» **Available data**
"""

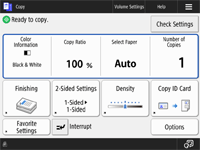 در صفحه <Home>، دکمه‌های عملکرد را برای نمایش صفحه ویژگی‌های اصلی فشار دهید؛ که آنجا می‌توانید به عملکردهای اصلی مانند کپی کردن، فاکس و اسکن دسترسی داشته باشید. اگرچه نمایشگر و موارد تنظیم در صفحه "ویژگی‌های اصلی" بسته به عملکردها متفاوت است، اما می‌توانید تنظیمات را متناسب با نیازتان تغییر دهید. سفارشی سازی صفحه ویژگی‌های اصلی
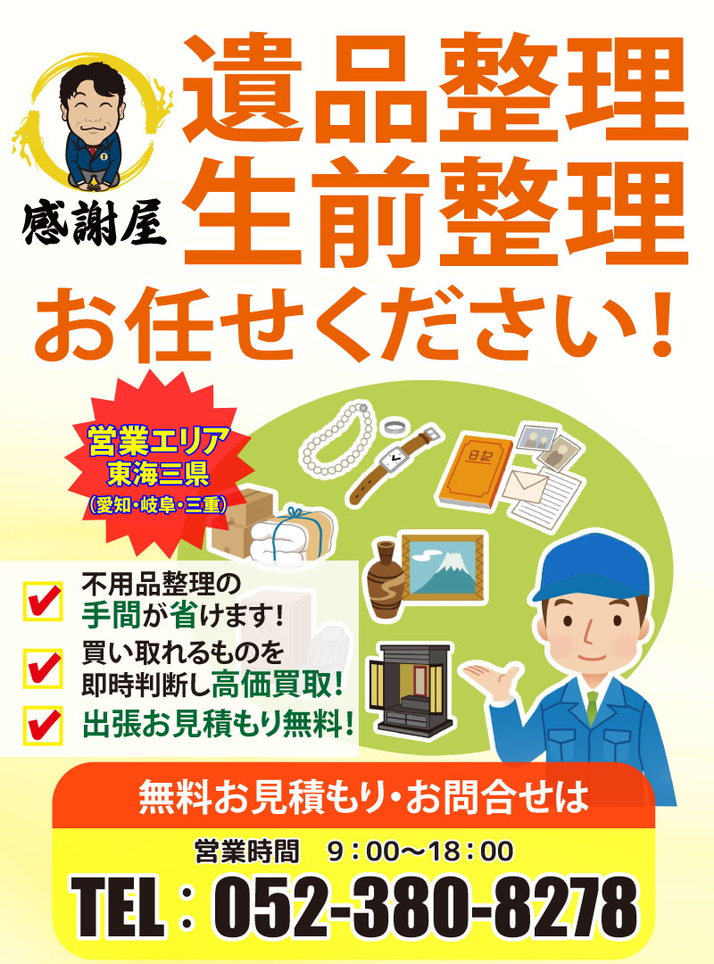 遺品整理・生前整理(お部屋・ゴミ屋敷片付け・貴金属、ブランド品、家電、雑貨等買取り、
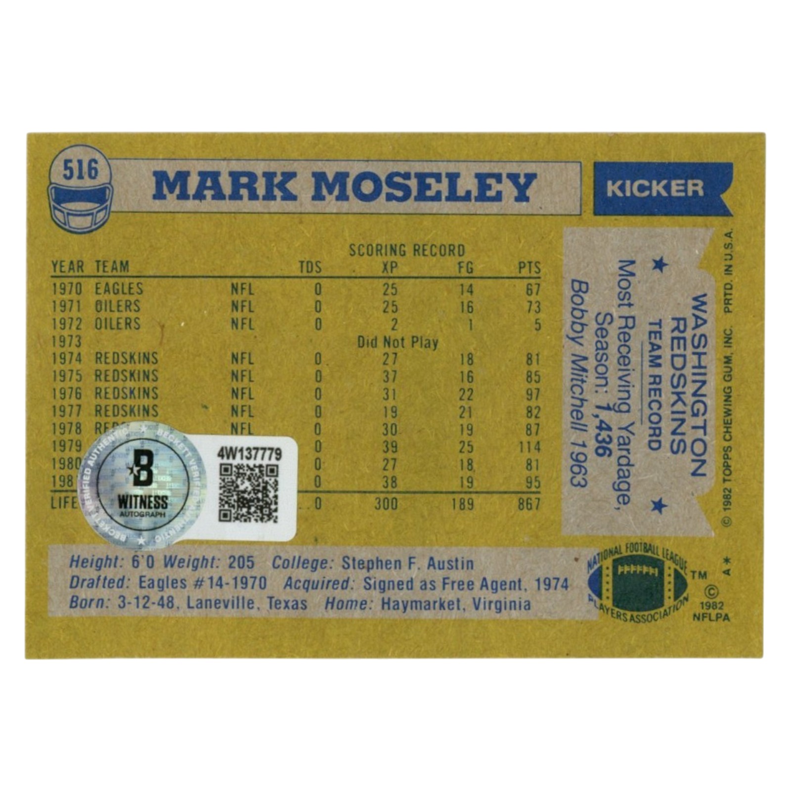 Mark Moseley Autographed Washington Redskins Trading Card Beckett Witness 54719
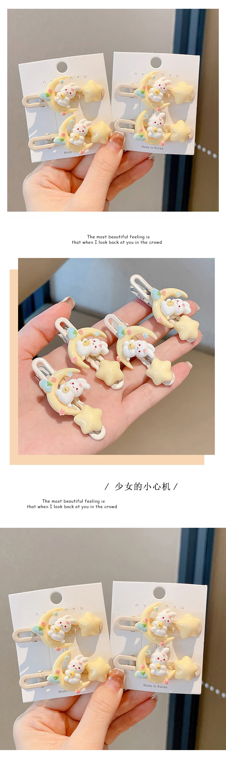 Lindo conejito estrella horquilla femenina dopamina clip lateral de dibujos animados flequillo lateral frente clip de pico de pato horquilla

"""

» **Task goal**
Transcribe exactly, and without any pictures, each line from the one that holds "遺品整理・生前整理(お部屋・" through the final line of the material above.

» **Task answer**
 遺品整理・生前整理(お部屋・ゴミ屋敷片付け・貴金属、ブランド品、家電、雑貨等買取り、
 Mark Moseley Autographed Washington Redskins Trading Card Beckett Witness 54719
 Lindo conejito estrella horquilla femenina dopamina clip lateral de dibujos animados flequillo lateral frente clip de pico de pato horquilla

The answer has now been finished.